[The problem]
Any picture must be dropped, but each line of the data should be duplicated exactly.

[Collected material]
Start of Block

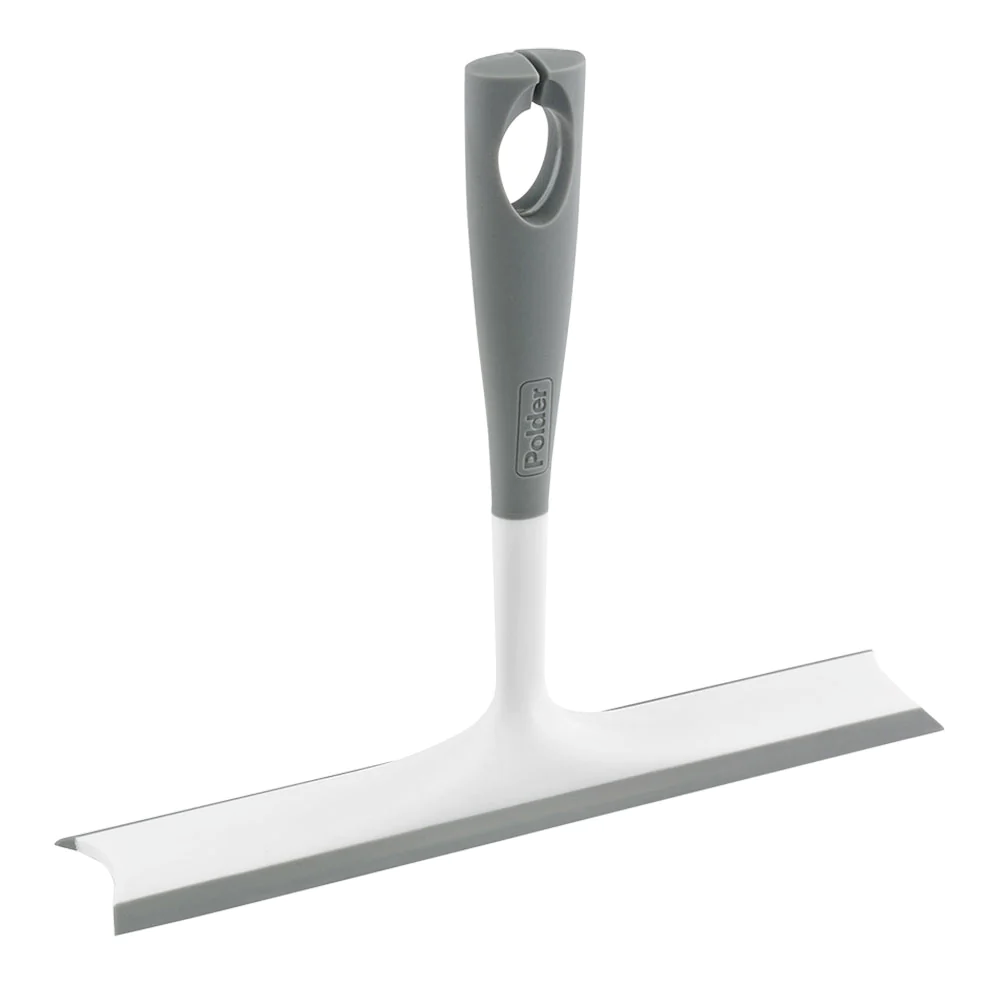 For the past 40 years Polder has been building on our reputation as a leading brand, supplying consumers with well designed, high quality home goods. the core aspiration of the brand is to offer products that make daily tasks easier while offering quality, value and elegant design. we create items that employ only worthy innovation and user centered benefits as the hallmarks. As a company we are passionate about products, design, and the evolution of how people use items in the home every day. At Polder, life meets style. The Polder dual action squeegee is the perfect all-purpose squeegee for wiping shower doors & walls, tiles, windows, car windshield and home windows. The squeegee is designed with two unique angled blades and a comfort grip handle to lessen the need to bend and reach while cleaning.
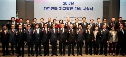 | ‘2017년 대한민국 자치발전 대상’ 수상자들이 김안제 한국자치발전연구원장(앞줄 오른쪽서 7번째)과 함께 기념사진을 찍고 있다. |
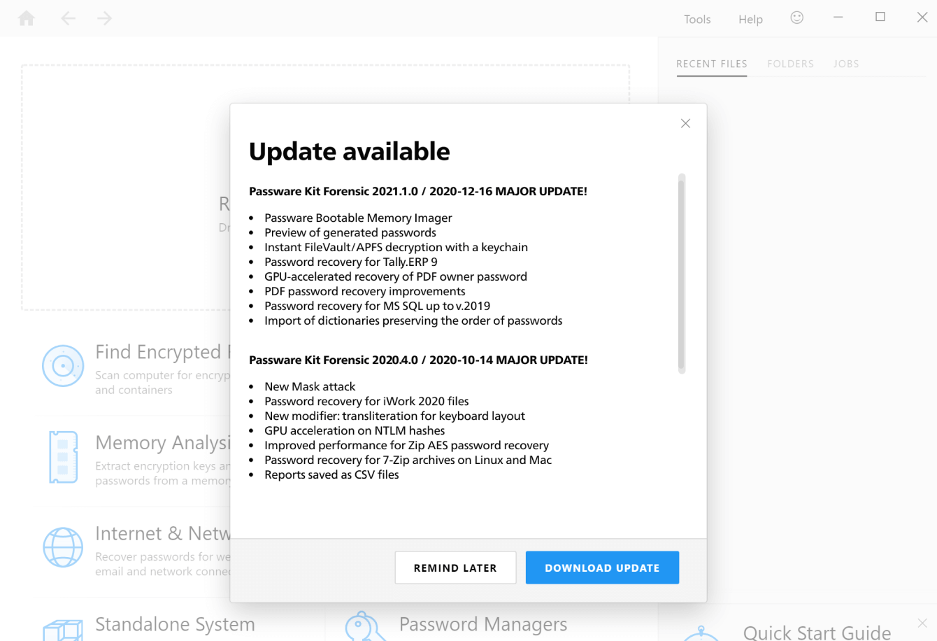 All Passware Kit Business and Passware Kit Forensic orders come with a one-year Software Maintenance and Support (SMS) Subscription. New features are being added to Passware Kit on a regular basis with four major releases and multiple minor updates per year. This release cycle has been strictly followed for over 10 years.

End of Block

[Written reply]
 For the past 40 years Polder has been building on our reputation as a leading brand, supplying consumers with well designed, high quality home goods. the core aspiration of the brand is to offer products that make daily tasks easier while offering quality, value and elegant design. we create items that employ only worthy innovation and user centered benefits as the hallmarks. As a company we are passionate about products, design, and the evolution of how people use items in the home every day. At Polder, life meets style. The Polder dual action squeegee is the perfect all-purpose squeegee for wiping shower doors & walls, tiles, windows, car windshield and home windows. The squeegee is designed with two unique angled blades and a comfort grip handle to lessen the need to bend and reach while cleaning.
 | ‘2017년 대한민국 자치발전 대상’ 수상자들이 김안제 한국자치발전연구원장(앞줄 오른쪽서 7번째)과 함께 기념사진을 찍고 있다. |
 All Passware Kit Business and Passware Kit Forensic orders come with a one-year Software Maintenance and Support (SMS) Subscription. New features are being added to Passware Kit on a regular basis with four major releases and multiple minor updates per year. This release cycle has been strictly followed for over 10 years.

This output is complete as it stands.